The main problem in assessing construct validity of a satisfaction score is the choice of scores to compare it with. Since the main indications for total hip arthroplasty are pain and limitations, we choose objective and subjective scoring systems (WOMAC, OHS, HHS and pain VAS at rest and during activity) to estimate construct validity. Although satisfaction is influenced by several widely differing events and complaints, for our population, pain seems to be the most suitable factor to calculate construct validity, since pain is the main indication to perform a hip arthroplasty.

Discriminant validity is also more difficult to assess since satisfaction is both influenced by physical and emotional factors.
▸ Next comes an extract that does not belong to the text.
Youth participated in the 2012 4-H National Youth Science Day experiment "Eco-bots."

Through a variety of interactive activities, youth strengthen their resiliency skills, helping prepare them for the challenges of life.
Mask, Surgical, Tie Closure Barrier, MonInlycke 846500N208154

However, since we assumed in our population that physical factors would largely outweigh the emotional and psychological factors, we assessed divergent and convergent validity by comparing it to the relevant domains of the SF-36. This assumption appears to be false, since divergent and convergent validity shows to be poor using this method.

Our results show good to excellent construct validity when looking at the pain scores at follow-up with a rho varying between 0.62 and 0.80. These higher correlations were previously demonstrated between the disease-specific scores and domains of the general health questionnaires in other validation studies [9, 19, 21]. When looking at the improvement from preoperative to follow-up, these Spearman rho are much lower, indicating that satisfaction measured by a VAS scale is less suitable to postulate a statement over the amount of improvement over time but refers strongly to the current state the patient is in compared to his/her memory of the preoperative state.
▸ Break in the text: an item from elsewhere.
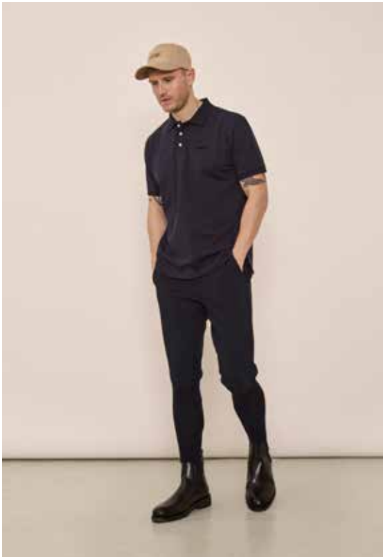
Martin Polo Shirt, Michael Knee Patch Breeches, Mo Cap

One of our findings is a ceiling effect of 42 %. According to the criteria posted by Terwee et al., a ceiling effect of more than 15 % is not acceptable [20]. Previous study by Haverkamp et al. showed a ceiling effect of 79 % to be present in a Likert satisfaction scale for hip arthroplasty [13]. This indicates that for measuring satisfaction by means of a single question, the visual analogue score is clearly superior compared to a Likert scale. Although, it should be kept in mind that a ceiling effect is present for the satisfaction VAS. However, since satisfaction is not usable to measure the amount of improvement over time but gives a reflection of the patients’ well-being on that follow-up moment compared to the recollection of the preoperative status, a ceiling effect of 42 % does not render the satisfaction VAS as unusable. Furthermore, it should be noted that in our population, all scores used show a high ceiling effect, except for the Harris hip score. These high ceiling effects of all outcomes may influence calculation of construct and reliability; therefore, additional calculations were performed excluding the ceiling effects.
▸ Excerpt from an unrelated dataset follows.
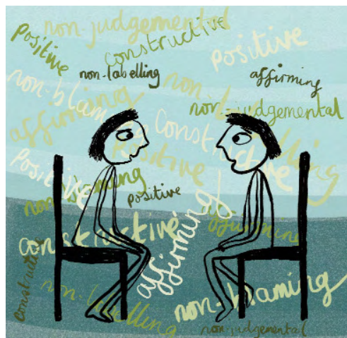
taken from recent peer support worker training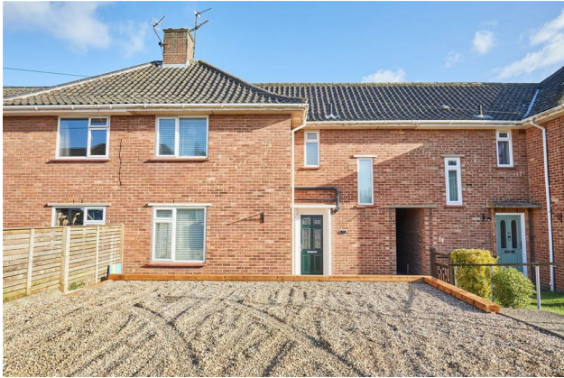
Nasmith Road, UEA

Recently Refurbished student property perfectly located for students at the UEA! 24/25 Academic year!

Reliability is usually measured by obtaining the same outcome under identical circumstances. In our study, we chose to obtain satisfaction both at home as well as on the outpatient clinic. One of the statements against using these single question satisfaction score is that the patients tend to score more satisfaction since they are more or less dependent of their surgeon for continuity of their treatment (never bite the hand that feeds you). Our test–retest reliability shows that it is not relevant where the satisfaction VAS is filled in and that obtaining it on the outpatient clinic is a reliable method.

Conclusions

In this study, we showed that the satisfaction VAS has a good validity and reliability, however with a ceiling effect of 42 %. The VAS satisfaction is a simple and valid instrument to quantify the satisfaction of a patient after a hip arthroplasty but cannot be used as the only outcome measurement. We conclude that the VAS satisfaction is probably a useful addition to subjective and objective outcome measurements in documenting the result of total hip arthroplasty.